[Dataset section]
■ ■ ■ ■

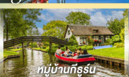
หมู่บ้านทีร์รูน
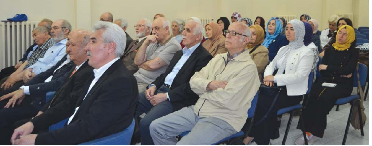
Panelse katılanlardan bir grup.

Simon Sebag Montefiore'nin "Kudüs, Bir Şehrin Biyografisi" adlı kitabında, Kudüs'te Kanûnî Sultan Süleyman'ın yaptırdığı imar ve ihya faaliyetleri şu şekilde anlatılmaktadır:
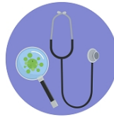
ВЫЗОВ ВРАЧА ПРИ НАЛИЧИИ СИМПТОМОВ

■ ■ ■ ■

[Work order] Output each line above exactly. Skip the images.

[Answer to the exercise]
หมู่บ้านทีร์รูน
Panelse katılanlardan bir grup.

Simon Sebag Montefiore'nin "Kudüs, Bir Şehrin Biyografisi" adlı kitabında, Kudüs'te Kanûnî Sultan Süleyman'ın yaptırdığı imar ve ihya faaliyetleri şu şekilde anlatılmaktadır:
ВЫЗОВ ВРАЧА ПРИ НАЛИЧИИ СИМПТОМОВ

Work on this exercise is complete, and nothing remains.